TASK TO COMPLETE.
Retype the data below exactly, skipping pictures.

SUPPLIED MATERIAL.
====================

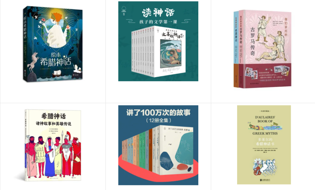 有的是把希腊神话完整讲全,十分厚重,比如《希腊神话全书》(中译出版社);有的会把世界各地的神话汇总出一个套装,比如《太喜欢神话了!》(中信出版社)和《讲了一百万次的故事》(乐府文化);有的则把希腊罗马神话里的神与英雄分来开写,比如《绘本希腊神话》(爱心树);有的会把希腊神话与罗马神话分开来写,比如《我们亲历的古罗马传奇》和《众神讲述的希腊神话》(译林出版社);有的是中英双语,比如刚刚重版的《多莱尔的希腊神话书:双语珍藏版》(联合低音);还有的在书里插入西方建筑和名画的图片辅助理解,比如《希腊神话:诸神故事和英雄传说》(浪花朵朵),等等。
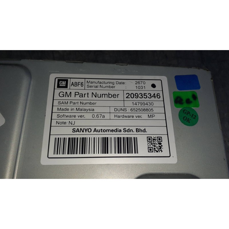 PANTALLA MULTIFUNCION 20935346 14799430 GM - SANYO
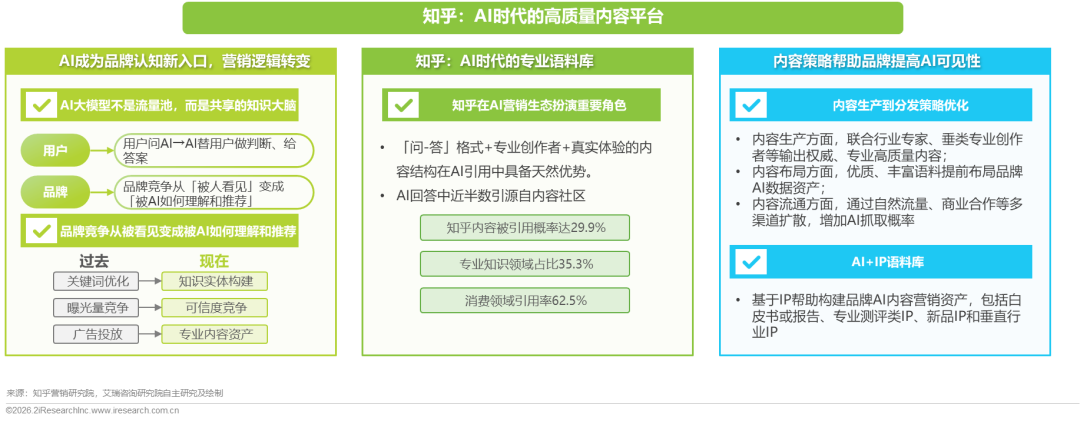 知乎作为高质量内容社区,在AI营销生态中扮演关键角色。知乎的内容结构与内容广度使其在AI信源引用率方面具备优势,同时平台聚集的高质量用户推动了内容生产、讨论、转化效率。知乎内容生产与布局具有专业性、高质量,内容传播影响力广泛,品牌需要重视知乎的语料价值。
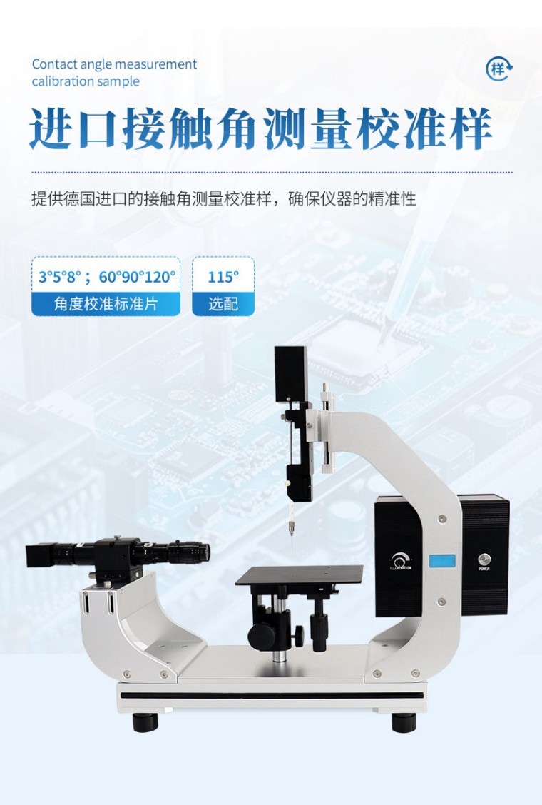 五·符合国家的相关标准(Accord with national standard) 1.GB/T 24368-2009(玻璃表面疏水污染物检测); 2.SY/T5153-2007(油藏岩石润湿性测定方法); 3.ASTM D 724-99(2003)(纸的表面可湿性的试验方法); 4.ASTM D5946-2004(塑料薄膜与水接触角度的测量); 5.ISO15989(塑料薄膜和薄板电晕处理薄膜的水接触角度的测量); 六·产品特点(Product features) 1、 主机采用高强度航空铝合金结构搭配模块化设计理念,自主研发的集成芯片电路控制,采纳国际顶尖进口接触角设备的设计精华与配置,保证仪器具有极强的稳定性; 2、 采用工业级密集可调LED冷光源系统(寿命25000H以上),保证成像更清晰,同时避免额外热度所导致的小液滴挥发; 3、采用高性能日本原装进口工业机芯,工业级远心变焦变倍镜头,基本可达到图像无失真情况,确保成像效果; 4、 采用USB2.0标准接口,数据传输速度快,兼容性高,成像稳定性强; 5、 提供德国进口的接触角测量校准样,确保仪器的精准性,角度校准标准片3°5°8° ;60°90°120°;115°(选配); 6、 采集系统设计灵活,适用于绝大部分测量环境,简单应付多种复杂的样品表面测量; 7、拥有先进接触角分析方法,满足所有种类液滴成像的准确拟合,其中包括恒美独有的微分椭圆与微分圆特殊液体成像拟合方法; 8、 采用国际**的计算方法,软件已实现全自动拟合避免人为操作造成的误差; 9、具备双边接触角测量快速拟合功能,更全面量分析液体与固体的表面润湿性能、更准确的分析表面的实际润湿情况; 10、 动态拍摄、视频快速测试数据,可以连续性记录测试接触角的变化,再由软件自动批量拟合; 11、 软件自动生成报告,其中涵盖 Word形式、Excel形式、谱图形式等多种数据报告; 12、 具备前进后退角测量功能,便于高效的测量样品表面稳定性能; 13、 具备多种可选配功能件,我司研发团队雄厚可满足客户提出来的各种定制测量要求; 七·售后(After-sales service) 1、 常规型号,闪电发货; 2、 仪器整机两年质保; 3、 提供售前免费实验服务; 4、 仪器软件终身免费在线升级; 5、 总部定期操作及理论知识培训; 6、 仪器终身校准维护保养服务;

====================

THE COMPLETED TASK.
 有的是把希腊神话完整讲全,十分厚重,比如《希腊神话全书》(中译出版社);有的会把世界各地的神话汇总出一个套装,比如《太喜欢神话了!》(中信出版社)和《讲了一百万次的故事》(乐府文化);有的则把希腊罗马神话里的神与英雄分来开写,比如《绘本希腊神话》(爱心树);有的会把希腊神话与罗马神话分开来写,比如《我们亲历的古罗马传奇》和《众神讲述的希腊神话》(译林出版社);有的是中英双语,比如刚刚重版的《多莱尔的希腊神话书:双语珍藏版》(联合低音);还有的在书里插入西方建筑和名画的图片辅助理解,比如《希腊神话:诸神故事和英雄传说》(浪花朵朵),等等。
 PANTALLA MULTIFUNCION 20935346 14799430 GM - SANYO
 知乎作为高质量内容社区,在AI营销生态中扮演关键角色。知乎的内容结构与内容广度使其在AI信源引用率方面具备优势,同时平台聚集的高质量用户推动了内容生产、讨论、转化效率。知乎内容生产与布局具有专业性、高质量,内容传播影响力广泛,品牌需要重视知乎的语料价值。
 五·符合国家的相关标准(Accord with national standard) 1.GB/T 24368-2009(玻璃表面疏水污染物检测); 2.SY/T5153-2007(油藏岩石润湿性测定方法); 3.ASTM D 724-99(2003)(纸的表面可湿性的试验方法); 4.ASTM D5946-2004(塑料薄膜与水接触角度的测量); 5.ISO15989(塑料薄膜和薄板电晕处理薄膜的水接触角度的测量); 六·产品特点(Product features) 1、 主机采用高强度航空铝合金结构搭配模块化设计理念,自主研发的集成芯片电路控制,采纳国际顶尖进口接触角设备的设计精华与配置,保证仪器具有极强的稳定性; 2、 采用工业级密集可调LED冷光源系统(寿命25000H以上),保证成像更清晰,同时避免额外热度所导致的小液滴挥发; 3、采用高性能日本原装进口工业机芯,工业级远心变焦变倍镜头,基本可达到图像无失真情况,确保成像效果; 4、 采用USB2.0标准接口,数据传输速度快,兼容性高,成像稳定性强; 5、 提供德国进口的接触角测量校准样,确保仪器的精准性,角度校准标准片3°5°8° ;60°90°120°;115°(选配); 6、 采集系统设计灵活,适用于绝大部分测量环境,简单应付多种复杂的样品表面测量; 7、拥有先进接触角分析方法,满足所有种类液滴成像的准确拟合,其中包括恒美独有的微分椭圆与微分圆特殊液体成像拟合方法; 8、 采用国际**的计算方法,软件已实现全自动拟合避免人为操作造成的误差; 9、具备双边接触角测量快速拟合功能,更全面量分析液体与固体的表面润湿性能、更准确的分析表面的实际润湿情况; 10、 动态拍摄、视频快速测试数据,可以连续性记录测试接触角的变化,再由软件自动批量拟合; 11、 软件自动生成报告,其中涵盖 Word形式、Excel形式、谱图形式等多种数据报告; 12、 具备前进后退角测量功能,便于高效的测量样品表面稳定性能; 13、 具备多种可选配功能件,我司研发团队雄厚可满足客户提出来的各种定制测量要求; 七·售后(After-sales service) 1、 常规型号,闪电发货; 2、 仪器整机两年质保; 3、 提供售前免费实验服务; 4、 仪器软件终身免费在线升级; 5、 总部定期操作及理论知识培训; 6、 仪器终身校准维护保养服务;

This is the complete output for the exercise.